Numerical Investigations on the Effect of Sewer Cleaning Flush Waves under the Influence of Downstream Water Levels
Sedimentation in main sewers takes place where the sediment transport capacity of the flow is exceeded and is caused by the combination of low dry weather flows, large pipe diameters and low longitudinal slopes. Then depositions will build up and consolidate at the sewer bottom during dry weather periods. These deposits may not be removed by the next stormwater runoff which leads to a need for cleaning the affected sewer stretch (Ashley et al., 2004; Ashley et al., 2005).
To clean main sewers by flushing, the dry weather runoff is usually stored behind a flushing shield and the necessary flushing volume depends on the length of sewer reach, the diameter and the slope. The storage time of the flushing volume depends on the flow rate of the dry weather runoff. During the storage period, when the flushing shield blocks the sewer profile, the remaining dry weather runoff downstream of the flushing shield is slowly drained due to the sewer geometry. In many cases the sewer reach that has to be cleaned by flushing, is not totally drained before the necessary flushing volume is reached and the flush wave is released. This means that the flush wave runs into a water body of dry weather runoff, which affects the power and cleaning effectiveness of the wave considerably. This hydraulic behaviour of the dry weather runoff is usually not taken into account for the design of flushing devices, either in scientific investigation or in practical applications.
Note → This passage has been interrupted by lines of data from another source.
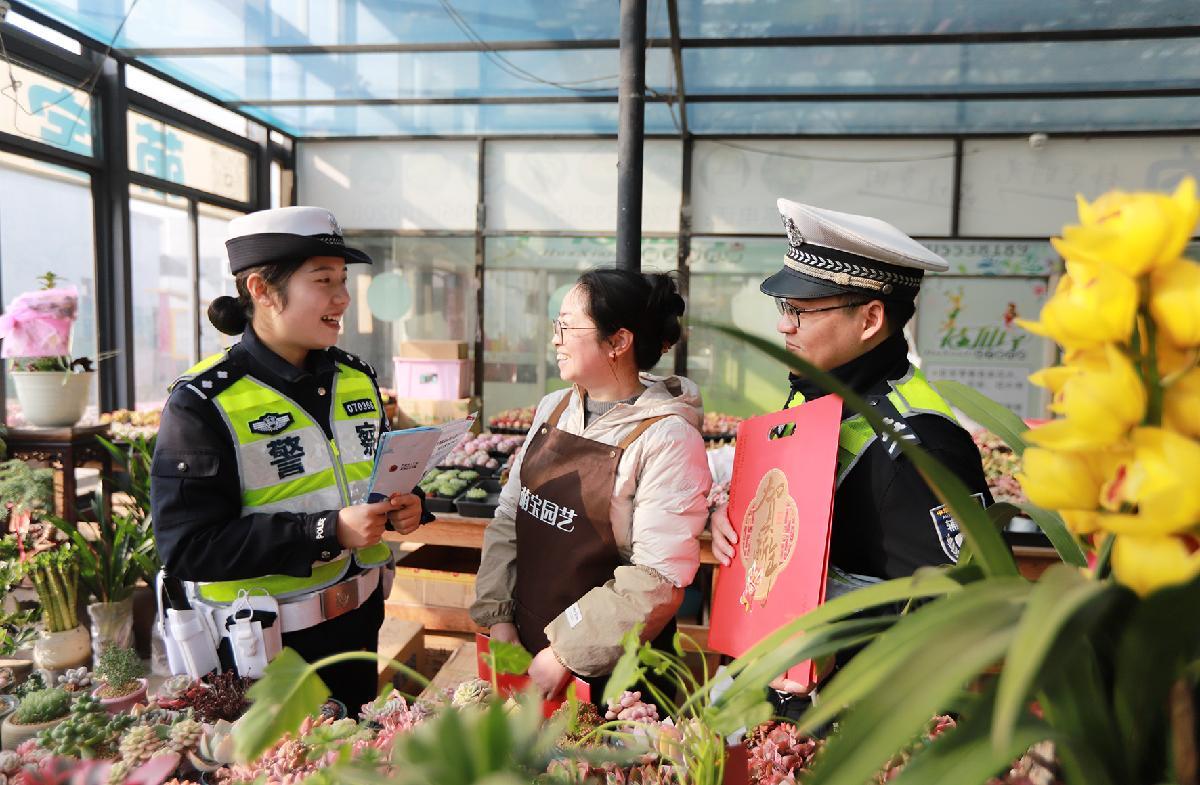2月11日,安徽省蕪湖市公安局交管支隊(duì)弋江大隊(duì)組織民輔警來到花卉、年貨市場(chǎng),開展“平安春運(yùn) 交警同行”交通安全知識(shí)宣傳。
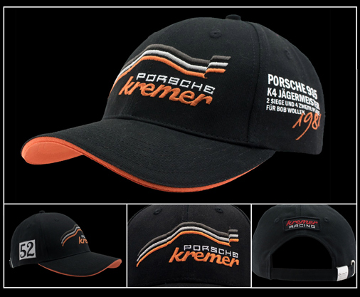 Casquette Porsche Kremer Racing Hommage aux deux victoires de Bob Wollek en 1981 au volant de la Porsche 935 K4 n°52 Taille unique réglable par boucle Matière 100 % Coton - Couleur noir / orange 24,95 € TTC / Incl. Taxes
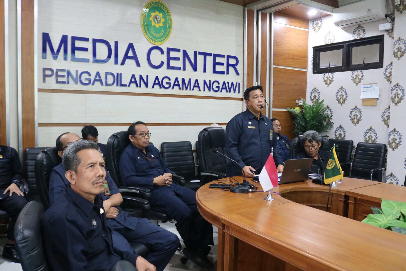 Ngawi, 1 April 2026 — Pengadilan Agama (PA) Ngawi mengikuti kegiatan Presentasi Pembangunan Zona Integritas (ZI) di wilayah Pengadilan Tinggi Agama (PTA) Surabaya pada Rabu (1/4/2026). Kegiatan ini dilaksanakan secara daring melalui Zoom Meeting dan berlangsung di ruang Media Center PA Ngawi. Presentasi tersebut diikuti oleh Ketua, Wakil Ketua, serta seluruh Tim Pembangunan Zona Integritas PA Ngawi. Kegiatan ini bertujuan untuk mengevaluasi sekaligus memperkuat komitmen satuan kerja dalam mewujudkan wilayah bebas dari korupsi dan birokrasi bersih melayani.

Many numerical and practical investigations on sewer flushing were carried out over recent years with respect to flush waves which act like dam-break waves along a sewer reach. The main objective was to analyse the behaviour and cleaning efficiency of the flush waves created by different flushing devices. Thus the focus was on the creation of the needed critical bottom shear stresses required to lift deposits from the sewer bottom and transport them to sewer reaches with a higher transport capacity or to the treatment plant. An extensive summary can be found in Schaffner (2008).
The usual assumption in these investigations was of a dry sewer bottom downstream of the flushing devices. This initial condition is usually found in stormwater tanks or sub-main sewers which are totally drained before they are flushed, but unfortunately this initial condition is seldom found in main sewer systems.
The intention of the present investigation was to analyze the behaviour and influence of different downstream levels of the remaining dry weather runoff on the bottom shear stresses of different flush waves. Therefore typical sewer geometry with an adequate dry weather runoff was created in a one-dimensional numerical model. In seven scenarios the movement of the dry weather runoff was modeled for the storage time of the flushing volume and the assumed initial conditions for the modeling of the flush waves. The investigations of the calculated bottom shear stresses gave a good estimate on the potential cleaning efficiency of the waves. In the next step the results of the flush waves, modeled with realistic downstream levels, and were then compared to flush waves modeled with a dry sewer bottom to show the differences of the two approaches.